Félix Degenszajn, child survivor of the Holocaust: “All my life I have wondered what happened that day”

Felix Degenszajn, now 84, has been looking for answers ever since the end of the war. His questions are focused on one day in July 1944. Aged 8 at the time, he was staying at the Lucien de Hirsch private school on Avenue Secrétan, in the 19th district of Paris, which had been requisitioned by the UGIF, the Union Générale des Israélites de France, or Union of French Jews, to provide accommodation for children.

Early in the morning on July 22, the Germans arrived to round up dozens of children who they would later load into the cattle cars that made up Convoy 77, bound for Auschwitz. “I lost my memory of that time”, says Felix Degenszajn.

A child of Polish descent, Felix remembers some interesting details of life in the children’s home, where he was placed after a stay in hospital: the kitchens overlooking the courtyard and the “kids” making off with food, and the American bombers flying overhead, dropping little aluminum ribbons. “We made concertinas out of them,” he recalls. The Liberation was fast approaching.

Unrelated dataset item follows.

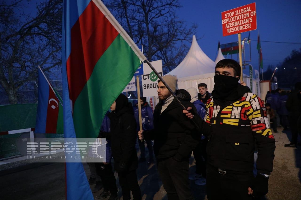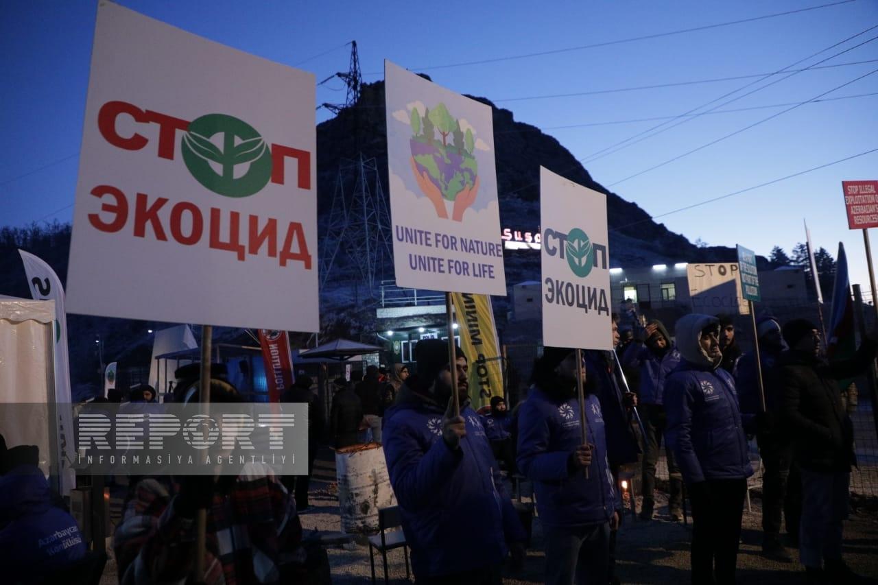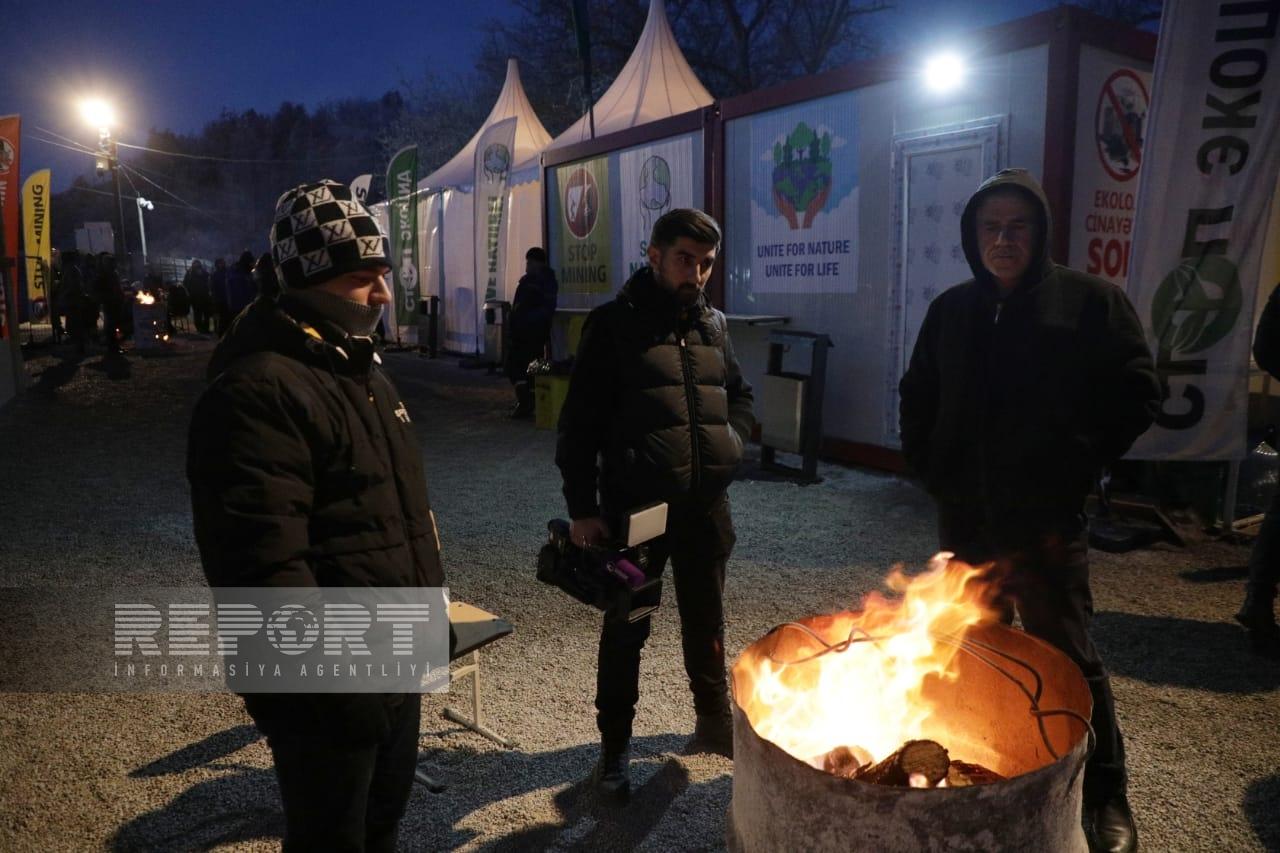 Hazırda havanın soyuq və şaxtalı olmasına baxmayaraq, dinc aksiya iştirakçıları Azərbaycanın Dövlət Himni oxuyur, “Azərbaycan oyaqdır, sərvətinə dayaqdır!”, “Azərbaycan vahiddir, sərvətinə sahibdir!”, “Ekoloji cinayətə son!”, “Stop ekoterror!” şüarlarını səsləndirirlər.

That July 22, however, remained a black hole. “A psychiatrist explained to me that the memory loss was the result of repressed fear. I must have been panic-stricken when the Germans arrived,” he explains. During a series of raids on UGIF children’s homes that day, 242 children and 33 adults were arrested and transferred to Drancy and subsequently to Auschwitz.

The mystery of that day was revealed in the 1990s, however, when Félix Degenszajn met with a former UGIF monitor, Suzanne Schwarz. “I told her my story and gave her my name. She said, ‘I was the one who saved you’.’”  

“Why me?”

This survivor who, over the years, had convinced himself that at that fateful moment he must have hidden in a cupboard under some cardboard boxes to escape the Germans, learned that this was only a “figment of his imagination” and that the reality had been quite different. 

“This lady told me that she had realized that the Germans were there to round up the children and other people present. She therefore took two children, including me,” explains Félix Degenszajn. “I asked her “Why me?” and she replied that I was cute and kind and that she liked me a lot. She was 16 years old at the time.” 

The trio then went to the school yard where a ladder, usually used for gymnastics classes, was kept. The supervisor set the ladder against a low wall and told the children to climb up. “We apparently climbed up and jumped over the wall and onto the street.”

Saved by a “network” 

Little Felix was then dropped off at the home of a woman who ran a hotel on Avenue Secrétan. “This lady would frequently have seen us go by with the other children when we went for a walk in the park at Buttes Chaumont. Suzanne Schwarz remembered her compassionate look.”

He did not stay there long: the little boy was then passed from one person to another, being cared for by a succession of unknown members of a “network” that played a part in saving him.

“One person took me to the Jaurès metro station, and from there someone else took me by train to Tertre Doux, a hamlet in the Seine-et-Marne department. I was given a false identity card in the name of Félix Bertin, as well as two books. I remember that one of them was “Jean sans peur” (John the Fearless). I lived in a hovel, tending animals. When I was released, I weighed under 40 pounds, I had become stunted.

Once the war was over, Félix Degenszajn was reunited with his father and older brother, who until then had been hiding in Gargenville, in the Yvelines department, and did not know what had become of Félix after his stay in hospital. “My father came to pick me up from the farm, he came just like that, on his bicycle,” he recalls.

“We were profoundly affected, my family and I”

Felix Degenszajn’s mother was deported in February 1943 and murdered in Auschwitz. His aunt, his father’s sister, who was deported at the age of 32, was subjected to medical experiments at the hands of the Nazis. Her nephew explains, “Her ovaries were removed without anesthetic. After the Liberation, she came back from the camps but of course she was never able to have children.”

For his part, Félix Degenszajn is aware that he is a “miracle”. “We were all profoundly affected in my family, very profoundly affected. For me, it was due to such small things… It’s crazy that I made it through that round-up,” he still marvels. “I guess that as an adult you think about it more than as a child or teenager. All my life I’ve wondered what happened. It’s something that has been with me all along. And also, my family and I have felt a great loss. We never talked much about the past, we didn’t want to stir up painful memories, so there are a lot of things we don’t know.”

To make up for this loss, Felix Degenszajn has made numerous trips to Auschwitz and built up an extensive library. “I have a lot of books on the Holocaust that I never read. As soon as I see them, I buy them. I don’t know why I do this. Perhaps, for me, they are a memorial.”